PA and PB are tangents drawn to a circle with centre O. If \(\angle AOB = 120^\circ\) and OA = 10 cm, then

(i) Find \(\angle OPA\).
(ii) Find the perimeter of \(\triangle OAP\).
(iii) Find the length of chord AB.

Answer 1

Problem: Tangents and Triangle Geometry

Given: PA and PB are tangents from an external point P to a circle centered at O. Radius \( OA = OB = 10 \, \text{cm} \), and \( \angle AOB = 120^\circ \).

(i) Find \( \angle OPA \)

• \( \angle OAP = \angle OBP = 90^\circ \) (radius ⟂ tangent)
• In quadrilateral PAOB: \[ \angle APB + \angle OAP + \angle AOB + \angle OBP = 360^\circ \] \[ \angle APB + 90^\circ + 120^\circ + 90^\circ = 360^\circ \Rightarrow \angle APB = 60^\circ \]
• Since \( \triangle OAP \cong \triangle OBP \), \( \angle OPA = \frac{1}{2} \angle APB = \frac{1}{2} \times 60^\circ = 30^\circ \)
• Answer: \( \boxed{\angle OPA = 30^\circ} \)

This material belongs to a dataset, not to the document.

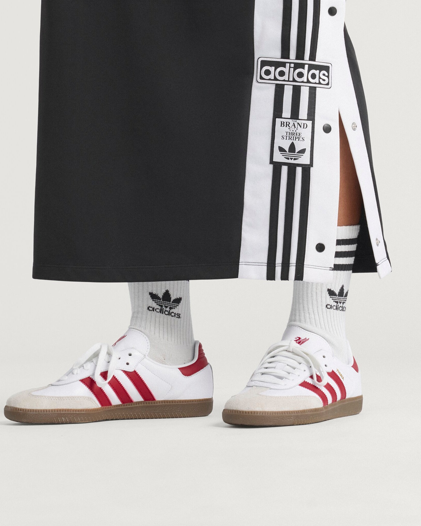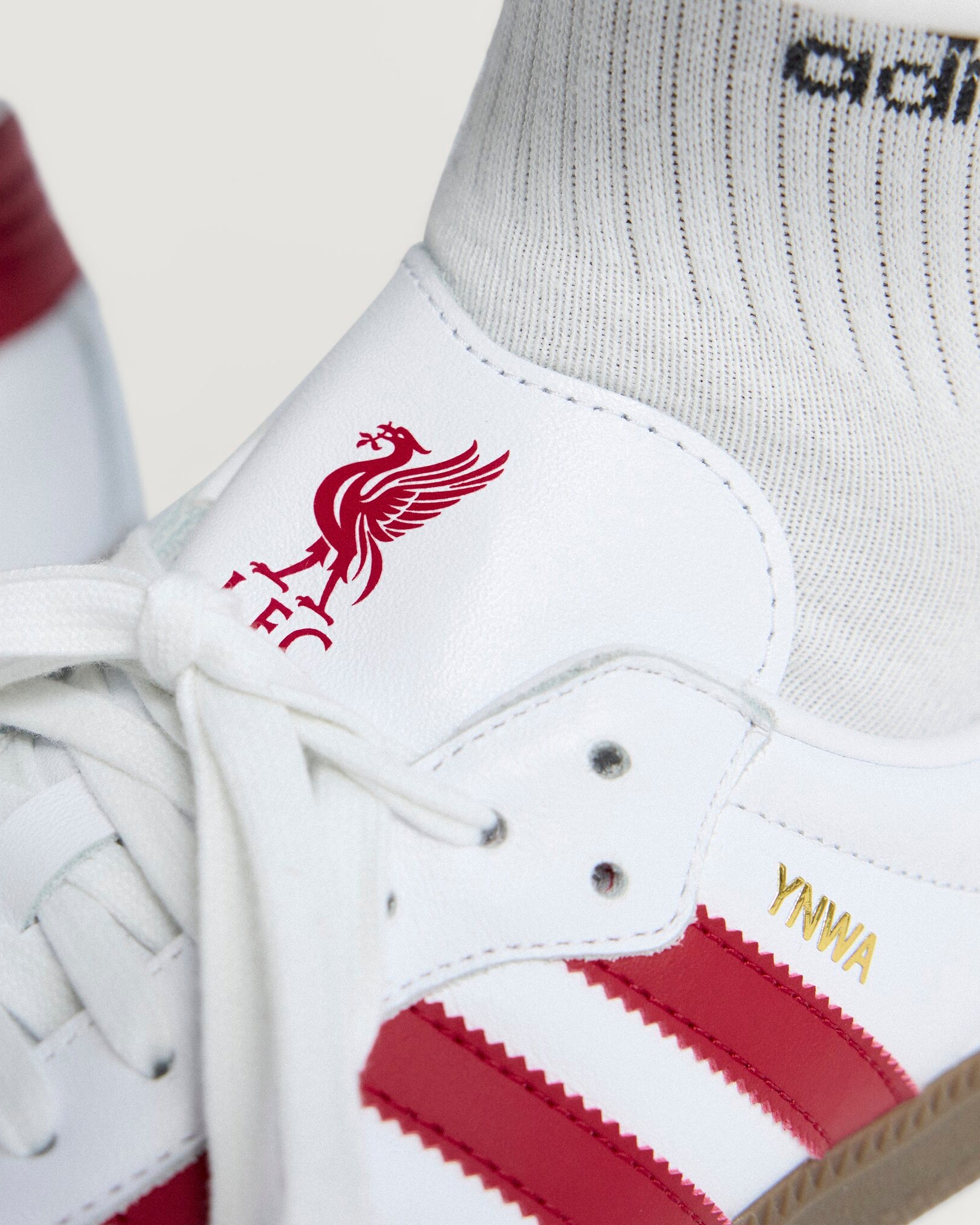 Make a real statement in a fresh pair of Liverpool adidas home Sambas. A soft leather upper and suede T-toe are supplemented by the LFC crest on the tongue and YNWA detailing, so there can be no doubt where your allegiances lie. It's an iconic shoe, perfect for the fashion-conscious football fan.

(ii) Find the Perimeter of \( \triangle OAP \)

Given: \( OA = 10 \, \text{cm} \), \( \angle OPA = 30^\circ \), right-angled triangle.

• Using trigonometry: \[ \tan 30^\circ = \frac{OA}{PA} \Rightarrow \frac{1}{\sqrt{3}} = \frac{10}{PA} \Rightarrow PA = 10\sqrt{3} \] \[ \sin 30^\circ = \frac{OA}{OP} = \frac{1}{2} \Rightarrow OP = 20 \]
• Perimeter: \[ OA + PA + OP = 10 + 10\sqrt{3} + 20 = \boxed{30 + 10\sqrt{3} \, \text{cm}} \]

(iii) Find the Length of Chord AB

In triangle \( \triangle AOB \):

• Using the cosine rule: \[ AB^2 = OA^2 + OB^2 - 2(OA)(OB)\cos(\angle AOB) \] \[ AB^2 = 100 + 100 - 200 \cdot \cos(120^\circ) \] \[ \cos(120^\circ) = -\cos(60^\circ) = -\frac{1}{2} \Rightarrow AB^2 = 200 + 100 = 300 \Rightarrow AB = \sqrt{300} = \boxed{10\sqrt{3}} \]
• Alternate Method: Drop perpendicular OM from O to chord AB.
  • \( \angle AOM = 60^\circ \)
  • \( \sin 60^\circ = \frac{AM}{OA} = \frac{\sqrt{3}}{2} = \frac{AM}{10} \Rightarrow AM = 5\sqrt{3} \)
  • \( AB = 2 \cdot AM = 2 \cdot 5\sqrt{3} = \boxed{10\sqrt{3}} \)